Task input –
──────

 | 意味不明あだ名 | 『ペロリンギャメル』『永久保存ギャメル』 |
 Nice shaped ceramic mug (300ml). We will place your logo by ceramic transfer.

──────

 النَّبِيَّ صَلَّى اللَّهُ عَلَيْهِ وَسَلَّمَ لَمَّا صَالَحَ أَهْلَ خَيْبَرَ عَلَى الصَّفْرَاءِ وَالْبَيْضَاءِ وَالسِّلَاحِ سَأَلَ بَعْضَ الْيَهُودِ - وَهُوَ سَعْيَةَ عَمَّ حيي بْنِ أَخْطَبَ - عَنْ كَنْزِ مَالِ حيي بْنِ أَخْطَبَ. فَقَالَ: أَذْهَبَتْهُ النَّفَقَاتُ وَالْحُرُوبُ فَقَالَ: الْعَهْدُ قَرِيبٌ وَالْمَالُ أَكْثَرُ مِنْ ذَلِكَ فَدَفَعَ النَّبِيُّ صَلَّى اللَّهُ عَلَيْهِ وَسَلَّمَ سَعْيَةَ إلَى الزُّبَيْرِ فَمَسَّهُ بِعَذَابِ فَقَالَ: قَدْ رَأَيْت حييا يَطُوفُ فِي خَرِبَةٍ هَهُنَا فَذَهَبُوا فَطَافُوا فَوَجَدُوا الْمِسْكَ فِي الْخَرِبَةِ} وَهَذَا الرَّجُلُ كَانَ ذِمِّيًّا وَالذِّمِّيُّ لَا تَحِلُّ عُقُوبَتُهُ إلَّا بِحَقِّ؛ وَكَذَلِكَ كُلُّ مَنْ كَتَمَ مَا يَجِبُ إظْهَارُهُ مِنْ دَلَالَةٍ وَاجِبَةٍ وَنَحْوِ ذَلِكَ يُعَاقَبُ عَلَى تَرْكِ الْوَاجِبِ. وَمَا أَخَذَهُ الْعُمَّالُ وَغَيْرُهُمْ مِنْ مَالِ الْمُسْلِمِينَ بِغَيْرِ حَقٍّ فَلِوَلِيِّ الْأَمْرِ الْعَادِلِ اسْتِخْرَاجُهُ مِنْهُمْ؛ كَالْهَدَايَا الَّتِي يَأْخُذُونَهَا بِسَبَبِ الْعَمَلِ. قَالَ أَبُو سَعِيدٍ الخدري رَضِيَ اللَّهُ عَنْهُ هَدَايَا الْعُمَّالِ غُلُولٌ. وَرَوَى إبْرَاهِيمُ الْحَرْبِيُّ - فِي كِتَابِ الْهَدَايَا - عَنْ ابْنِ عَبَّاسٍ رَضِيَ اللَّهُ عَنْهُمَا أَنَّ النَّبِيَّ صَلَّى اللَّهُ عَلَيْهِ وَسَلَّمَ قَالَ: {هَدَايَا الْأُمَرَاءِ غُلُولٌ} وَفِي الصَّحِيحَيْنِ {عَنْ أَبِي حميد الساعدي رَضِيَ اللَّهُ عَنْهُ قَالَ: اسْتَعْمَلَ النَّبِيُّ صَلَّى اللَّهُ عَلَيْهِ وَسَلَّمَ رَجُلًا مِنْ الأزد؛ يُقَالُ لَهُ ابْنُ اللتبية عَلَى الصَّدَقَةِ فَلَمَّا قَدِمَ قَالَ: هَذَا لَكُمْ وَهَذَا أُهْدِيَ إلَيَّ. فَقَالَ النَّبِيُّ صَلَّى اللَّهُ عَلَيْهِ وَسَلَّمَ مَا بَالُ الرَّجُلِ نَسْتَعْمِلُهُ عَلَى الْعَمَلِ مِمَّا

──────

What you should do – Please reproduce exactly the lines in the listing above from the one containing "意味不明あだ名 | 『ペロリンギャメル』『永久保存ギャメル』 |" through the one containing "Nice shaped ceramic", both included, and nothing more.

Result –
 | 意味不明あだ名 | 『ペロリンギャメル』『永久保存ギャメル』 |
 Nice shaped ceramic mug (300ml). We will place your logo by ceramic transfer.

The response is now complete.